Les FDLR contrôlent ce commerce lucratif de charbon de bois, mettant à mal l'un des écosystèmes les plus diversifiés d'Afrique. En conséquence, les rivalités militaires entre le M23 et les FDLR avec leurs partenaires compliquent la gestion du parc, rendant certaines zones totalement inaccessibles.
Au détriment de l'habitat des gorilles, les populations locales ont transformé des pans entiers de la forêt des Virunga en centres de production de charbon de bois. Le bruit de l'exploitation forestière et de la combustion du bois repousse de nombreuses autres espèces, qui ne peuvent tolérer les incursions dans leur paradis.
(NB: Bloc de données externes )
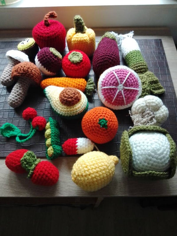 Lot de dinette jouets lavable crochet comprends une aubergine une pomme une carotte une ail un poireau un poivron un kiwi un navet un demi avocat un pamplemousse 2 fraises 2 champignons un radis un chou petit pois une orange une tomate un citron une paire de cerises

En moyenne, quarante camions - chacun chargé de 150 sacs de charbon de bois sauvage - entrent quotidiennement dans la ville de Goma, rapportant des revenus estimés à près de 1,7 million de dollars par mois.
D'une certaine manière, les Virunga ne financent pas seulement les rebelles mais aussi leur propre disparition. Et les gorilles de montagne sont pris dans le feu croisé d'une guerre qu'ils ne comprendront jamais.